The Eucharist, or mass, said Leadbeater, was particularly powerful. “It is a plan,” he wrote, “for helping on the evolution of the world by the frequent outpouring of floods of spiritual force.” When properly enacted, he said, the ceremony created an astral “thought-edifice” that can take on any number of variations, although it is usually based on a foursquare ground plan surmounted with a dome. Leadbeater even said that “the Church of Sancta Sophia at Constantinople was erected in imitation of one of these spiritual edifices.”
To create as powerful a vehicle as possible, the celebrant needs to perform the Eucharist correctly and with intention (as opposed to rote mechanical enactment). The Catholic and Anglican rites of Leadbeater’s day were, he said, defective, so he and Wedgwood recast them. “We set to work to eliminate the many features which from our point of view disfigure and weaken the older liturgies,” Wedgwood later wrote. “References to fear of God, to His wrath and to everlasting damnation were taken out, also the constant insistence on the sinfulness and worthlessness of man.” The resulting liturgy was published in 1919.
As a result the LCC combines an elaborate, “high” Christian liturgy with freedom of thought. The church’s website states:
The Liberal Catholic Church erects no barriers around its altars. All who come in a spirit of reverence are welcome to Holy Communion and to all other services of the Church. What opinions or beliefs an individual holds is considered to be his/her own affair. The mind that is free is in the best condition to grow. Growth into spirituality enhances the perception of truth which each one must discover for himself/herself and in his/her own way. Anything less than full mental freedom is thought to retard progress. Thus, the difference between The Liberal Catholic Church and all other Catholic and Protestant Churches lies in the fact that with the ancient sacramental worship have been associated the widest measure of intellectual freedom and respect for the individual conscience.
Membership figures for the LCC are difficult to come by, and it does not seem that any intense effort has been made in recent years to count members. William Downey, U.S. Regionary Bishop of the LCC, told me that the membership in this country had been reported as 8000 for some time, but that this figure was almost certainly overstated.
The anniversary celebration took place in the Albuquerque suburb of Rio Rancho, hosted by Our Lady Queen of Angels Liberal Catholic Church.
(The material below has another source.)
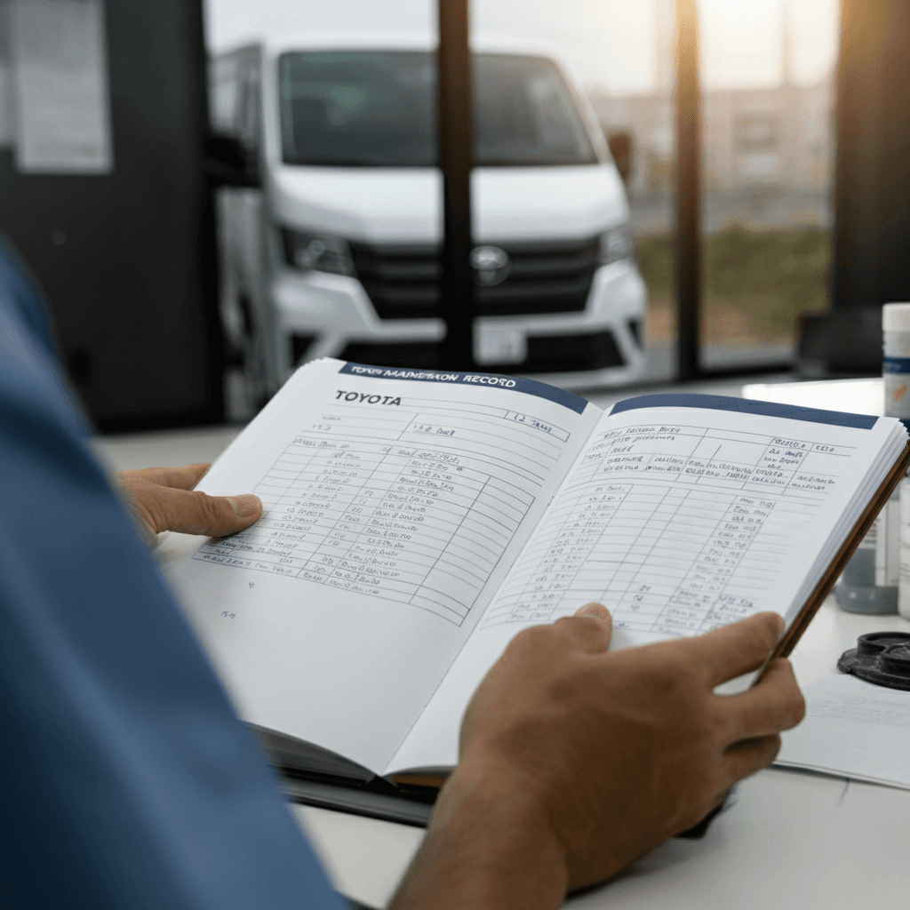トヨエースの整備記録簿に定期点検(12ヶ月・24ヶ月)の履歴が全て記載されていれば「管理の行き届いた車」と高評価。特にエンジンオイル交換履歴は重要で+6~9万円の効果。

It had been preceded by a synod of LCC bishops worldwide that had taken place during the previous week. Around sixty people attended, including LCC dignitaries from Australia, New Zealand, Britain, France, Hungary, and Brazil. I was received very warmly, and I was gratified to learn that many LCC clergy had read my books, especially Inner Christianity, and sometimes used them in study groups.
My own talk related to my forthcoming book, How God Became God. I tried to argue that since the literal truth of the Bible has been increasingly called into question in recent decades (archaeology, for example, has by no means verified many of the historical claims in the Old Testament), if we are to make some real use of the Bible in the future, it will have to involve returning to deeper, esoteric levels of meaning—such as, for example, seeing the biblical stories (such as the Exodus and the passion of Christ) not necessarily as factual accounts but as representations of stages that the soul goes through in its evolution. These meanings have been known since antiquity, but were pushed into the background in recent centuries. It seems to me that movements that are sympathetic to these approaches, including the LCC, could play a crucial part in revivifying Christianity in the years to come.